# Fisher's RACE FISHER and Gardner's SAINT AIDAN



## Roger Jordan (May 9, 2008)

I would be most grateful for any help in determining the eventual fate of two British coasters, namely RACE FISHER (ex Empire Jill 46; built 1942, 739 tons gross) AND SAINT AIDAN (built 1962; 973 tons gross)
RACE FISHER (owned by Fisher, Barrow in Furness) was sold in 1967 to Iran and renamed FARDAD. She was deleted from Lloyd's Register book in 1995 because her continued existence was in doubt, possibly as result of casualty/loss during the Iran/Iraq conflicts. 
SAINT AIDAN was owned by Gardner, of Glasgow.
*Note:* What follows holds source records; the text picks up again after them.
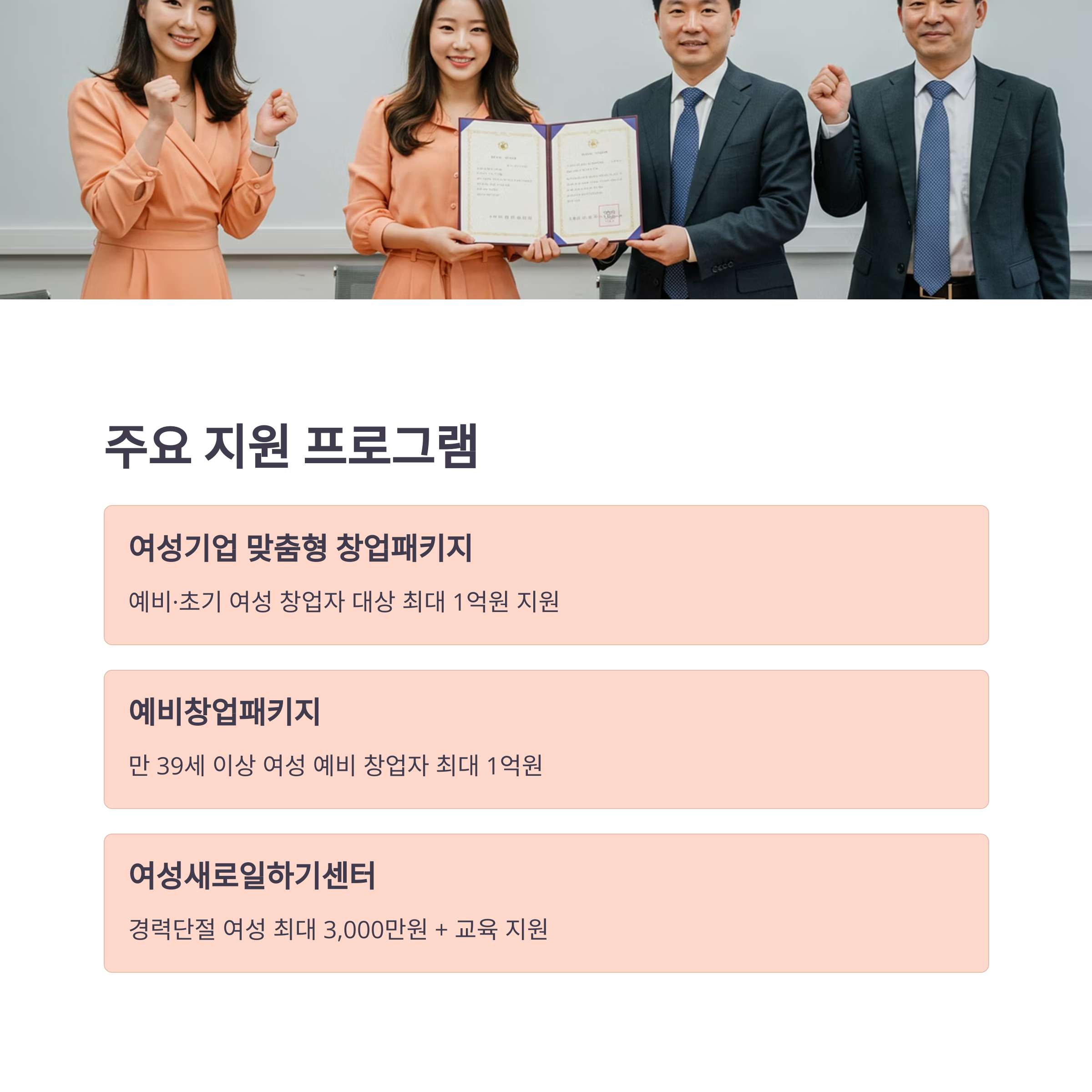 | 여성새로일하기센터 창업지원 | 경력단절 여성 | 최대 3,000만 원 + 교육 | 재취업+창업 연계, 교육 필수 |
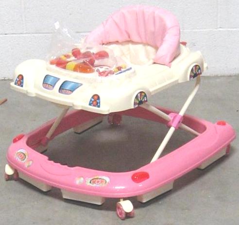 The recalled walkers are intended for babies 6 months and older. The item number L-0809EN is printed on the side of the box. The walkers are blue or pink with a white tray.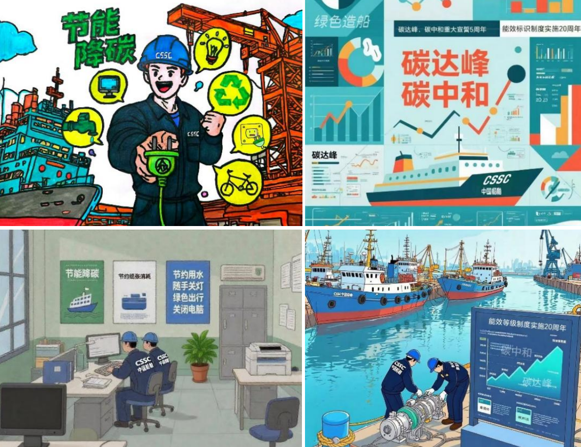 渤海造船围绕我国宣布碳达峰碳中和目标5周年、能效标识制度实施20周年等关键节点,聚焦节能降碳工作重点,在全公司范围内开展了一场别开生面的美术作品征集活动。活动共收到来自不同部门、不同岗位报送的百余份美术作品。作品不仅内容生动形象、新颖独特,更以艺术的感染力激发了全体员工对节能降碳工作的关注与热情,充分体现了渤海造船深厚的节能文化底蕴和鲜明的船舶行业特色,全方位展现了渤海造船在绿色发展道路上的坚定决心与卓越成果。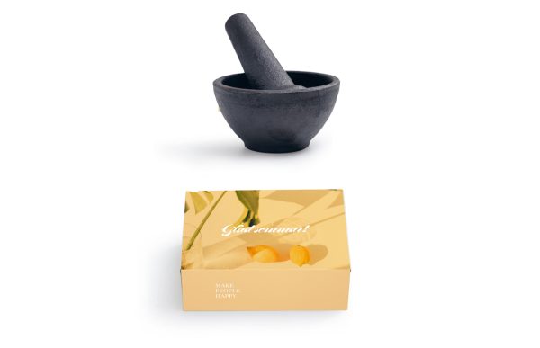 Mortel i gjutjärn, storlek 8,5cm i diameter och 4,5cm hög. Morteln kommer förpackad i en elegant giftbox som är förberedd för julkort i A7-format.
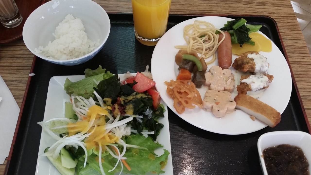 朝食は普通でした。おかずの種類は多いので、いろいろ選びたい方にはいいかもです。もう少し、本気のチキン南蛮が食べたかったです。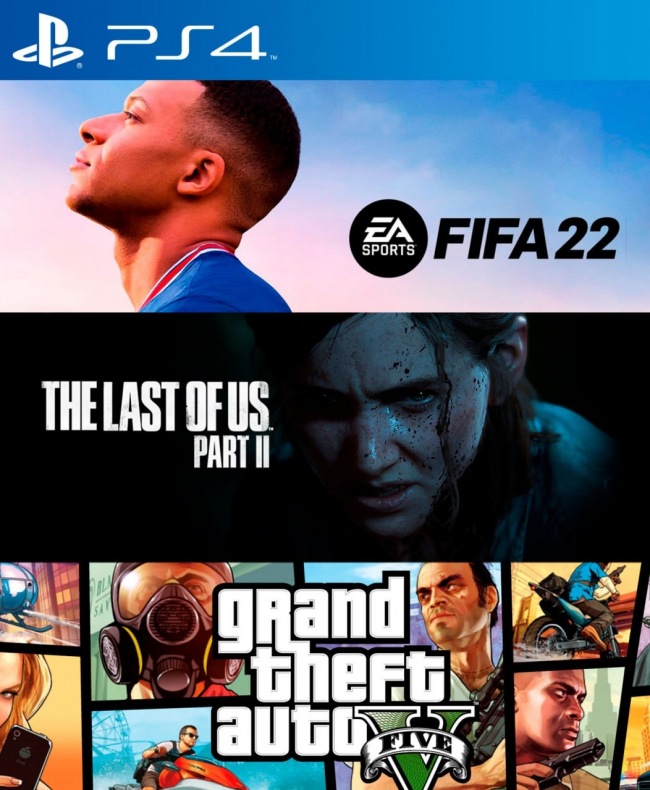 El pack incluye: - FIFA 22 PS4 - The Last of Us Part II Ps4 - Grand Theft Auto V PS4 Pesos de los juegos : 158 GB Requerido en consola : 190 GB Instalación : 1 consola

She was sold in 1983 and renamed SAN ANDRES. She was deleted from Lloyd's Register book in 2010 because nothing had been known of this vessel since 2002. Her last reported owner was Compania Cobrec SA, of Santo Domingo, Dominican Republic. 
I would be most appreciative of any positive information concerning their fates. 
Regards 
Roger Jordan


----------



## Runrig (Apr 13, 2008)

Gardner's SAINT AIDAN was sold and handed over on 27 May 1982, not 1983. She was renamed SAN ANDRES in 1985. Sorry, but I do not know what ultimately happened to her.


----------



## DICK RICHARDS (Sep 4, 2011)

She was chartered to British Rail in the early 1960's for carriage of containers between HOLYHEAD and Dublin for a while.


----------



## jonnburton (Oct 3, 2014)

*Race Fisher*

Robert Fisk, in his book _The Great War for Civilisation_ mentions this boat. It appears to have been destroyed in the Iran-Iraq war, as you said, and ended up in Khorramshahr, Iran.


----------